── Given data

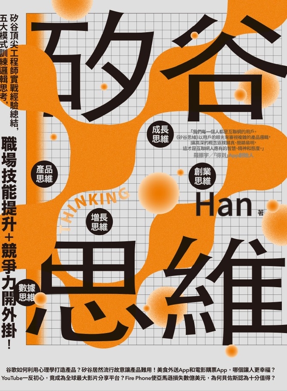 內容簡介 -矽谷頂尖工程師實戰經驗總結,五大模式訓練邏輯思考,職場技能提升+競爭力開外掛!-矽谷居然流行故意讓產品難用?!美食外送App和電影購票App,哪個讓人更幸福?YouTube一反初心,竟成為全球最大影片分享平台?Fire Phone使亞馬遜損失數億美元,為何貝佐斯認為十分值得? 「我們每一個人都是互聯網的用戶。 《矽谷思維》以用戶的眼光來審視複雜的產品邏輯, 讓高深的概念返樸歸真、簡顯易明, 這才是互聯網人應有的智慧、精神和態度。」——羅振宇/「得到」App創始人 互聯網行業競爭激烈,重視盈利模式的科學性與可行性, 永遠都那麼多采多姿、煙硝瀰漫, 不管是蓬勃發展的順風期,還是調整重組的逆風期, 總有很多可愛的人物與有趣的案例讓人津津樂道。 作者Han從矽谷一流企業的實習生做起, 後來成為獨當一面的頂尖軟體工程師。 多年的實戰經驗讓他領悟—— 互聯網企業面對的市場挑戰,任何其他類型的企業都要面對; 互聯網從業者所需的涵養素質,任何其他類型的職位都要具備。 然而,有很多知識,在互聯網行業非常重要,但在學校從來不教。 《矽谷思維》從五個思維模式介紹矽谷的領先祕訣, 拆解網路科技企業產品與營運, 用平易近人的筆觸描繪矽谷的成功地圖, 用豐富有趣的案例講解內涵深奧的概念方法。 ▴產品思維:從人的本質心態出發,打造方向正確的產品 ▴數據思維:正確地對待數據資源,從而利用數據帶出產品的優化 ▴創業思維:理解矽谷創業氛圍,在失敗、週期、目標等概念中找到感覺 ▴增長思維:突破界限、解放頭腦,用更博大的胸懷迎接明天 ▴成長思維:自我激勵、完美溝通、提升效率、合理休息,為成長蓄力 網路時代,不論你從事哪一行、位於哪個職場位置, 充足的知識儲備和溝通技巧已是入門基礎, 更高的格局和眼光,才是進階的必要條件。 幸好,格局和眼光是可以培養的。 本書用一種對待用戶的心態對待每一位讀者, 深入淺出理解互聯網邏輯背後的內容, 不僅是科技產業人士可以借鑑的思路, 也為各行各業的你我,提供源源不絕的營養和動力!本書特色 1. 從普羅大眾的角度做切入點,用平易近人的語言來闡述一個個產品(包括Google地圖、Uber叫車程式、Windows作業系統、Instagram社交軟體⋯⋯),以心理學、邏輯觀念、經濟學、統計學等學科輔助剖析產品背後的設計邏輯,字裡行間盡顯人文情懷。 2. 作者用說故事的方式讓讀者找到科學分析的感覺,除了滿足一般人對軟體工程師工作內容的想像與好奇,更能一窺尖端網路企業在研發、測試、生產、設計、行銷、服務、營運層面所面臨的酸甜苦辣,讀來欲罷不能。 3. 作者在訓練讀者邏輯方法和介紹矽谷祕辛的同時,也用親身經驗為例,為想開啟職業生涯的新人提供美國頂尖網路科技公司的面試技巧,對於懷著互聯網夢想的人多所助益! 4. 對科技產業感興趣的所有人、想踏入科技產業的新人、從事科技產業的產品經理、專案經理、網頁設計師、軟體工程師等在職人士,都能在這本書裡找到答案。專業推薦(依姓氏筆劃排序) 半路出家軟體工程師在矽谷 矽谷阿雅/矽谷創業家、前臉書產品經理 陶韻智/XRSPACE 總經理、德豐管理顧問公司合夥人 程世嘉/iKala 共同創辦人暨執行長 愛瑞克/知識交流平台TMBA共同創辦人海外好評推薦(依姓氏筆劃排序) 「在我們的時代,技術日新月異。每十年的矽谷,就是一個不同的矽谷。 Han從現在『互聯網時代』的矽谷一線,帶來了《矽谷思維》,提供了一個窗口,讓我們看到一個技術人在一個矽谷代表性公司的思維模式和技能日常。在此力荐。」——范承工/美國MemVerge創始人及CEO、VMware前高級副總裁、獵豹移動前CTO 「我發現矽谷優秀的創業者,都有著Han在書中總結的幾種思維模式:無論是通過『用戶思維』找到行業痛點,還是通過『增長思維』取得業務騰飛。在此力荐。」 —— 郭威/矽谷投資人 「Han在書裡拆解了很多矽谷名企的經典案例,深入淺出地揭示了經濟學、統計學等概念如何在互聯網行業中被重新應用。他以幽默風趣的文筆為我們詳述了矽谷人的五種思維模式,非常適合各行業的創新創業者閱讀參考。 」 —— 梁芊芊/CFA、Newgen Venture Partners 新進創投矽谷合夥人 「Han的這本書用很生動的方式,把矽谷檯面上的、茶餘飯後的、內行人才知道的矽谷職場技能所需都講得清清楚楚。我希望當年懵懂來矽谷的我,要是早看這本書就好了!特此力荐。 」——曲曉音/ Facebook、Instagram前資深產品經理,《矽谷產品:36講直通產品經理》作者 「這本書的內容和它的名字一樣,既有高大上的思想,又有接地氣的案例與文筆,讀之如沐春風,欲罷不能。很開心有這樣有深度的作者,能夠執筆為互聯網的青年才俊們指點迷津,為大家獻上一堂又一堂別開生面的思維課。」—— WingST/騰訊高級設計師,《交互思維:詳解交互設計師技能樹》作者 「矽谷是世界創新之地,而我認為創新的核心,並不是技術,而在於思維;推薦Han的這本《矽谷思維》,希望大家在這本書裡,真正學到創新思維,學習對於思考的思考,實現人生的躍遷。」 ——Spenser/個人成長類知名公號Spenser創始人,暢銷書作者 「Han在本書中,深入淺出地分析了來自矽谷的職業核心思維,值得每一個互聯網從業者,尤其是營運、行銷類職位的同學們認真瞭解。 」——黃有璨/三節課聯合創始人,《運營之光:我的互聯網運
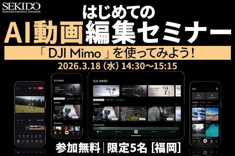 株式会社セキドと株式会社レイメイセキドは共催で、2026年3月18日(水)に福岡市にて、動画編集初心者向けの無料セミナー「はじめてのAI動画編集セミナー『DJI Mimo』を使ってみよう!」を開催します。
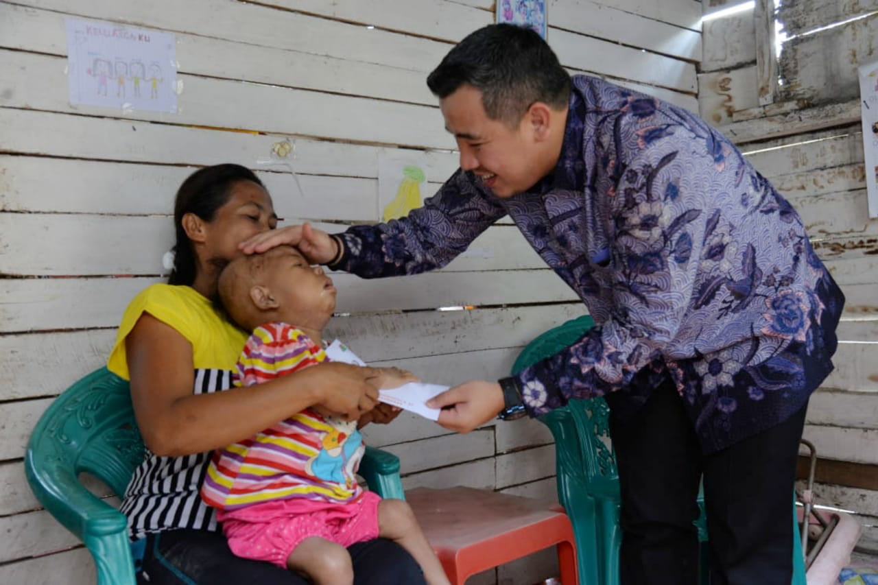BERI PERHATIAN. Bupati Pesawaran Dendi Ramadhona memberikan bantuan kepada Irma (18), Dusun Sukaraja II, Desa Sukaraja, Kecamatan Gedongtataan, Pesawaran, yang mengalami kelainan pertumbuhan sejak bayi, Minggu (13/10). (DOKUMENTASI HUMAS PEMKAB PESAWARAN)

────

How to complete this task:
Transcribe the whole listing exactly as it stands, apart from the pictures.

Response below:
 內容簡介 -矽谷頂尖工程師實戰經驗總結,五大模式訓練邏輯思考,職場技能提升+競爭力開外掛!-矽谷居然流行故意讓產品難用?!美食外送App和電影購票App,哪個讓人更幸福?YouTube一反初心,竟成為全球最大影片分享平台?Fire Phone使亞馬遜損失數億美元,為何貝佐斯認為十分值得? 「我們每一個人都是互聯網的用戶。 《矽谷思維》以用戶的眼光來審視複雜的產品邏輯, 讓高深的概念返樸歸真、簡顯易明, 這才是互聯網人應有的智慧、精神和態度。」——羅振宇/「得到」App創始人 互聯網行業競爭激烈,重視盈利模式的科學性與可行性, 永遠都那麼多采多姿、煙硝瀰漫, 不管是蓬勃發展的順風期,還是調整重組的逆風期, 總有很多可愛的人物與有趣的案例讓人津津樂道。 作者Han從矽谷一流企業的實習生做起, 後來成為獨當一面的頂尖軟體工程師。 多年的實戰經驗讓他領悟—— 互聯網企業面對的市場挑戰,任何其他類型的企業都要面對; 互聯網從業者所需的涵養素質,任何其他類型的職位都要具備。 然而,有很多知識,在互聯網行業非常重要,但在學校從來不教。 《矽谷思維》從五個思維模式介紹矽谷的領先祕訣, 拆解網路科技企業產品與營運, 用平易近人的筆觸描繪矽谷的成功地圖, 用豐富有趣的案例講解內涵深奧的概念方法。 ▴產品思維:從人的本質心態出發,打造方向正確的產品 ▴數據思維:正確地對待數據資源,從而利用數據帶出產品的優化 ▴創業思維:理解矽谷創業氛圍,在失敗、週期、目標等概念中找到感覺 ▴增長思維:突破界限、解放頭腦,用更博大的胸懷迎接明天 ▴成長思維:自我激勵、完美溝通、提升效率、合理休息,為成長蓄力 網路時代,不論你從事哪一行、位於哪個職場位置, 充足的知識儲備和溝通技巧已是入門基礎, 更高的格局和眼光,才是進階的必要條件。 幸好,格局和眼光是可以培養的。 本書用一種對待用戶的心態對待每一位讀者, 深入淺出理解互聯網邏輯背後的內容, 不僅是科技產業人士可以借鑑的思路, 也為各行各業的你我,提供源源不絕的營養和動力!本書特色 1. 從普羅大眾的角度做切入點,用平易近人的語言來闡述一個個產品(包括Google地圖、Uber叫車程式、Windows作業系統、Instagram社交軟體⋯⋯),以心理學、邏輯觀念、經濟學、統計學等學科輔助剖析產品背後的設計邏輯,字裡行間盡顯人文情懷。 2. 作者用說故事的方式讓讀者找到科學分析的感覺,除了滿足一般人對軟體工程師工作內容的想像與好奇,更能一窺尖端網路企業在研發、測試、生產、設計、行銷、服務、營運層面所面臨的酸甜苦辣,讀來欲罷不能。 3. 作者在訓練讀者邏輯方法和介紹矽谷祕辛的同時,也用親身經驗為例,為想開啟職業生涯的新人提供美國頂尖網路科技公司的面試技巧,對於懷著互聯網夢想的人多所助益! 4. 對科技產業感興趣的所有人、想踏入科技產業的新人、從事科技產業的產品經理、專案經理、網頁設計師、軟體工程師等在職人士,都能在這本書裡找到答案。專業推薦(依姓氏筆劃排序) 半路出家軟體工程師在矽谷 矽谷阿雅/矽谷創業家、前臉書產品經理 陶韻智/XRSPACE 總經理、德豐管理顧問公司合夥人 程世嘉/iKala 共同創辦人暨執行長 愛瑞克/知識交流平台TMBA共同創辦人海外好評推薦(依姓氏筆劃排序) 「在我們的時代,技術日新月異。每十年的矽谷,就是一個不同的矽谷。 Han從現在『互聯網時代』的矽谷一線,帶來了《矽谷思維》,提供了一個窗口,讓我們看到一個技術人在一個矽谷代表性公司的思維模式和技能日常。在此力荐。」——范承工/美國MemVerge創始人及CEO、VMware前高級副總裁、獵豹移動前CTO 「我發現矽谷優秀的創業者,都有著Han在書中總結的幾種思維模式:無論是通過『用戶思維』找到行業痛點,還是通過『增長思維』取得業務騰飛。在此力荐。」 —— 郭威/矽谷投資人 「Han在書裡拆解了很多矽谷名企的經典案例,深入淺出地揭示了經濟學、統計學等概念如何在互聯網行業中被重新應用。他以幽默風趣的文筆為我們詳述了矽谷人的五種思維模式,非常適合各行業的創新創業者閱讀參考。 」 —— 梁芊芊/CFA、Newgen Venture Partners 新進創投矽谷合夥人 「Han的這本書用很生動的方式,把矽谷檯面上的、茶餘飯後的、內行人才知道的矽谷職場技能所需都講得清清楚楚。我希望當年懵懂來矽谷的我,要是早看這本書就好了!特此力荐。 」——曲曉音/ Facebook、Instagram前資深產品經理,《矽谷產品:36講直通產品經理》作者 「這本書的內容和它的名字一樣,既有高大上的思想,又有接地氣的案例與文筆,讀之如沐春風,欲罷不能。很開心有這樣有深度的作者,能夠執筆為互聯網的青年才俊們指點迷津,為大家獻上一堂又一堂別開生面的思維課。」—— WingST/騰訊高級設計師,《交互思維:詳解交互設計師技能樹》作者 「矽谷是世界創新之地,而我認為創新的核心,並不是技術,而在於思維;推薦Han的這本《矽谷思維》,希望大家在這本書裡,真正學到創新思維,學習對於思考的思考,實現人生的躍遷。」 ——Spenser/個人成長類知名公號Spenser創始人,暢銷書作者 「Han在本書中,深入淺出地分析了來自矽谷的職業核心思維,值得每一個互聯網從業者,尤其是營運、行銷類職位的同學們認真瞭解。 」——黃有璨/三節課聯合創始人,《運營之光:我的互聯網運
 株式会社セキドと株式会社レイメイセキドは共催で、2026年3月18日(水)に福岡市にて、動画編集初心者向けの無料セミナー「はじめてのAI動画編集セミナー『DJI Mimo』を使ってみよう!」を開催します。
BERI PERHATIAN. Bupati Pesawaran Dendi Ramadhona memberikan bantuan kepada Irma (18), Dusun Sukaraja II, Desa Sukaraja, Kecamatan Gedongtataan, Pesawaran, yang mengalami kelainan pertumbuhan sejak bayi, Minggu (13/10). (DOKUMENTASI HUMAS PEMKAB PESAWARAN)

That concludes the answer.